On December 3, 1994, Sony began to make history with the PlayStation, a console that became the engine of the Japanese company and has become an indisputable reference in the history of video games.
But of course, those more than two decades do not pass in vain, and more so in a technological world that in that time has taken a radical turn. Many have been the revolutions that have conquered us since then, and the PlayStation itself has matured to adapt to the times, giving a good account of some ideas that after all this time now seem naive in current times. Gutting that old console proves it.
PlayStation: Gutting more than two decades of history
This is what they have done in iFixit, where they have shown that the PlayStation was a conception more typical of another era of computing. One in which companies did not strive to make it difficult for users to open the devices that were purchased. They almost invited you to it, actually.

With the PlayStation that happened in it’s history, of course: a screwdriver and some small plastic tool were enough to pry open the case without damaging it and that’s it: we already had access to the interior.
An interior, by the way, that also shows how things were in the world of consoles at that time. Manufacturers of the time did not like the most popular components and were fleeing the x86 architecture that dominated everything in the world of PCs and laptops.
Instead, the PlayStation integrated a 32-bit R3000 MIPS CPU with a clock frequency that did not reach 34 MHz, a figure very of those times that today pales before the 2,130 MHz at which the last PS4 Pro works (with a processor that finally adopted the x86-64 architecture) and will do so even more with the current PS5. Not to mention the GPUs that have been part of the successive models of the PlayStation and have allowed to provide an amazing graphic power compared to the original model.
Sony, in fact, had a hard time moving away from proprietary chips, continuing to build on the MIPS R5900 in its unique Emotion Engine for the PS2 and then move to the PowerPC architecture in its PS3 Cell microprocessors.
The decision to make the leap to the x86-64 architecture made life easier for developers, but the use of those CPUs in previous versions of the console was not really a problem for sales, which skyrocketed Sony’s business and converted the PS2 is the best-selling console in history with more than 150 million units sold in history. The original PlayStation “alone” reached 104.3 million units sold by comparison.
A wonderful console that is indeed from another era
The history of PlayStation was also born in a time when online gaming as we conceive it today did not exist : we were just beginning to connect to the internet, and the Sony console was probably one of the last great successes of this industry that did not need to that ability to succeed as you did. That, in fact, makes it all the more worthwhile that he got where he did.
At iFixit they surprised us by gutting a well-known console by showing how that simplicity spread to other parts of its hardware: its optical CD drive ( capable of reading at 2x speed! ), But the selection of ports itself was of the most striking.

In the Japanese model there was an S-Video port, while in the model that came out of there we had RCA composite video ports and an AV Multi connector that ended up becoming a wildcard to connect the console to different televisions. In case you were wondering, the HDMI standard would still be late in coming : it did not begin to be used until 2003, and it was not until the PS3 of 2006 that it was integrated into Sony consoles, something that now seems surprising when the HDMI 2.1 standard is going to give many joys to the world of consoles.
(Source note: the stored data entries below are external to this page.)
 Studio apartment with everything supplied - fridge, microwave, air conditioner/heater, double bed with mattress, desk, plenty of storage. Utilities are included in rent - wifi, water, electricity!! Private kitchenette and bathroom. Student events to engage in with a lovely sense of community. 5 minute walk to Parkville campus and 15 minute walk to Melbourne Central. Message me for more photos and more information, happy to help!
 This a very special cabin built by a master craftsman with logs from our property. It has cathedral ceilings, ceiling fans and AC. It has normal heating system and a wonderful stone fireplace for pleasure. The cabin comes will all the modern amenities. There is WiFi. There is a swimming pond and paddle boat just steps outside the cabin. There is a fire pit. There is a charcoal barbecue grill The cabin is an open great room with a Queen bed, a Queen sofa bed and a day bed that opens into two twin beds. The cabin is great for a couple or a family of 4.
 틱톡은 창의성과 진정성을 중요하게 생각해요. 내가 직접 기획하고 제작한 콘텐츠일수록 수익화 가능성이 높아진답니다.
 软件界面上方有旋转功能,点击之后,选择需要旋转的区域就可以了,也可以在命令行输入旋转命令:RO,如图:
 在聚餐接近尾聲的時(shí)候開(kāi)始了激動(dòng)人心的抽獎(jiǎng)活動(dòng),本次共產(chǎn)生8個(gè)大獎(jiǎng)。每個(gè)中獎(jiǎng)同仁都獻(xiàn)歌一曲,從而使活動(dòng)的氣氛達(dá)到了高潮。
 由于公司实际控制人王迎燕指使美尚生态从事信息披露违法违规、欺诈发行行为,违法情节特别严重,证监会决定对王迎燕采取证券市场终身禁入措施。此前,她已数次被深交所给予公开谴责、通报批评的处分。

In iFixit they also highlighted how the internal power supply occupied 20% of the entire chassis , but even so the technical achievement was remarkable and despite the “limited” power of the time, having that source, the CD drive and all the components enclosed in a console without active cooling was truly amazing.
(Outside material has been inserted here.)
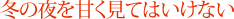太陽が顔を見せているうちは快適だった。 夏よりもキャンプ場ははるかに静かだし、自然のやわらかな音がぼくたちを和ませてくれる。太陽が沈んでからも数時間はまだ大丈夫。温かいスープをいただき、薪をたっぷりとくべた大きな炎を囲みながらホットウィスキーを楽しんでいた。 しかし、冬の日キャンプは夜が長い。午後4時過ぎから暗くなってしまうから、夕食を食べてお酒を楽しんでいると、たっぷり時間が経ったように感じるのだが、時計の針はまだ8時ぐらいを指している。 こうなるとやることがない。星空にも飽きてしまったし、揺れ動く炎も4時間見続けているのだからもう十分。 お酒も気持ちよく体内に浸透しているから眠くなる。 哀しいことに、メンバー全員が眠くなる。 こうして、冬の日キャンプ初級者のぼくたちは奈落の底に落ちていく。 ☆ みんなで同時に眠りについたものだから、誰も薪をくべない。威勢のよかった炎は徐々に小さくなって暖かさを失う。 冬の日キャンプに慣れていれば、防寒パッドやウインター用シュラフなどの備えも豊富で、まるで登山家のように万全かもしれないが、ぼくらはそうではなかった。 スリーシーズン用シュラフを毛布でちゃちゃっと補強。テントの下にはブルーシートを敷いて、内側に毛布を敷いたのだけど、すべてがにわか対策。寒さはじわじわとぼくらを襲ってくる。 身体が芯から冷える。それでもうとうとするのだが、寒さのために深い眠りには落ちない。 悲劇は明け方起こった。誰かが冷房機のスイッチを入れてしまったのかと思うほどの寒風がテントの中を襲う。あまりの寒さに潜ったシュラフから顔が出せない。モルモットのようにシュラフの中で丸まってじっとしているのがやっと。 1時間は耐えただろう。空が明るくなってきたから、ぼくは勇気を出してシュラフから顔を出してみた。すると、外は大雪。3人分並んだシュラフの上には雪が積もっていた。 原因はその後にわかった。タバコの煙を気にした先輩が、換気のためにテントを開けたのだが、酔っていたためにそのままシュラフに潜り込んで寝てしまったのである。そのあげくの「テント内降雪」という珍事。 迷惑な話である! |
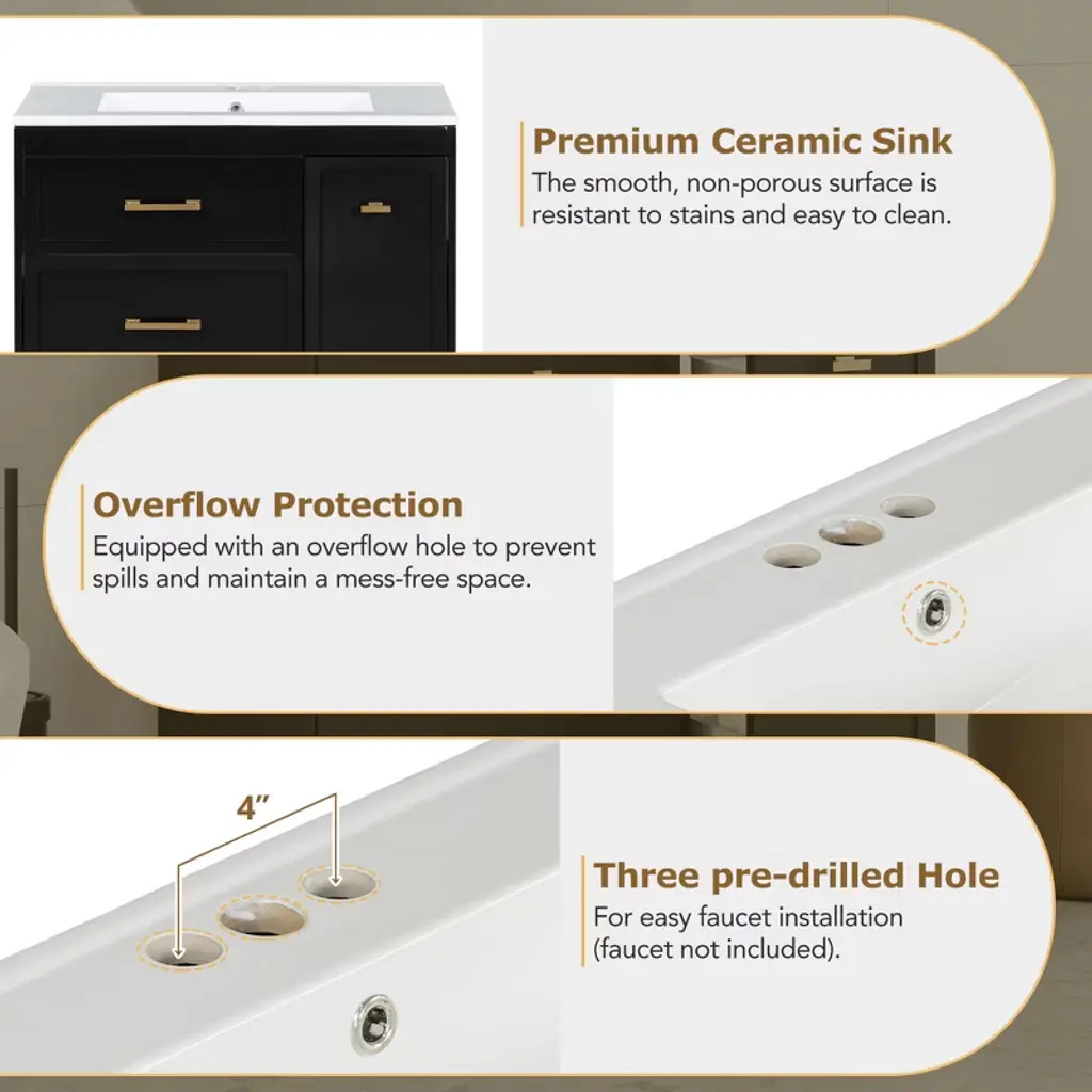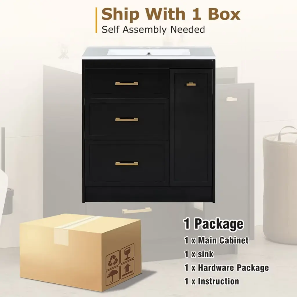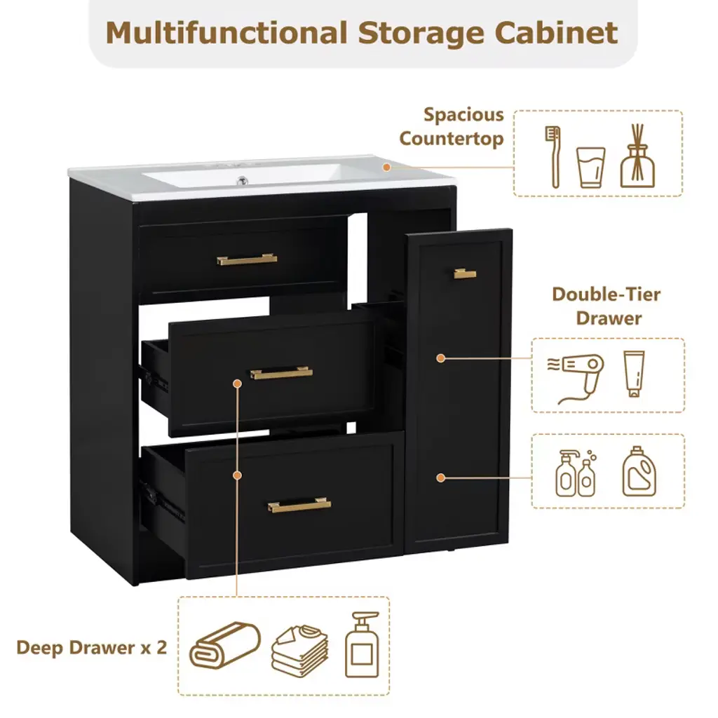 Mshliw 30" Classic Bathroom Vanity With Ceramic Sink, 3 Drawers Including Double-layer, Gold Handles, For Small Spaces(black)

Many of those ideas have ended up being abandoned: we were talking about those non-standard architectures for CPU and GPU, but over time the consoles have become much more complex and powerful -not to say already difficult to repair-, which for example in the case of the first Xbox One forced to have a giant and external power supply that Microsoft later managed to integrate into the console itself with the Xbox One S and the Xbox One X.
There have also been many changes in the way we play: it is now much more difficult to conceive of video games without multiplayer modes in many of them, and internet connectivity is an integral part of some consoles that have taken us to new visual and game limits. realism.
In that story, however, Sony can be very proud of that original PlayStation prodigy that it ended up paying homage to not long ago with the PlayStation Classic Mini. After all this time we must continue to congratulate a product that has taken Sony to the top in the field of video games.